Ivan Safronov, a 32-year-old journalist who worked for the newspapers Kommersant and Vedomosti, was sentenced in September to 22 years in prison, following over two years of detention in the notorious Lefortovo detention center. The case was particularly shocking and the verdict egregious because Safronov was accused of espionage, of leaking “secrets” to the West that were not secrets at all, but information publicly available to anyone with access to the internet.

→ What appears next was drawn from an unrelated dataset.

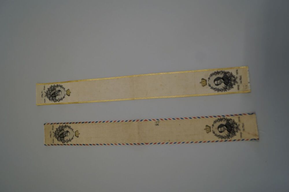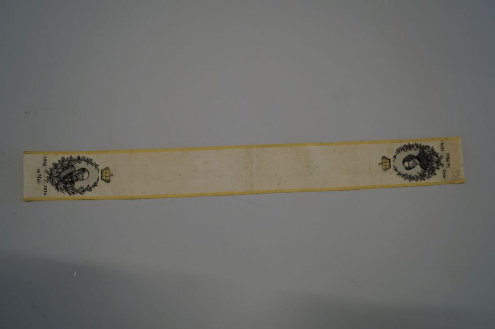Oranjelintje met afbeelding van Koning Willem III en koningin Sophie, 1849-1874, 12 mei, ter gelegenheid van het 25 jarig koningschap, met rood, wit en blauw afgezet. Inventarisnummer met inkt opgeschreven
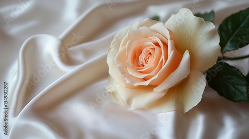Beige Rose on a White Silk Background, Creating a Soft and Elegant Visual of Timeless Beauty and Delicate Luxury

Safronov had repeatedly refused to make a deal with the investigation, and his defense team faced unprecedented pressure. His lead lawyer, Ivan Pavlov, had to leave the country after he too was subjected to a criminal investigation. Safronov’s final statement in court, the so-called “last word,” was published in full by BBC Russian Service. We are publishing an abridged translation:
For half a year, we have been hearing the criminal case against me, which accuses me of espionage benefitting NATO countries: the Czech Republic and Germany. I have been held in the Lefortovo detention center for over two years. The preliminary investigation took almost as long. Before that, I was under surveillance by the Russian security services for six years. First, field officers, and then investigators, sought ways to characterize my journalism so it would be subject to an article of the Criminal Code that carries up to 20 years in prison. Rather than get to the bottom of the situation, investigators tried to fit the life I was living and work I was doing within the criteria of espionage.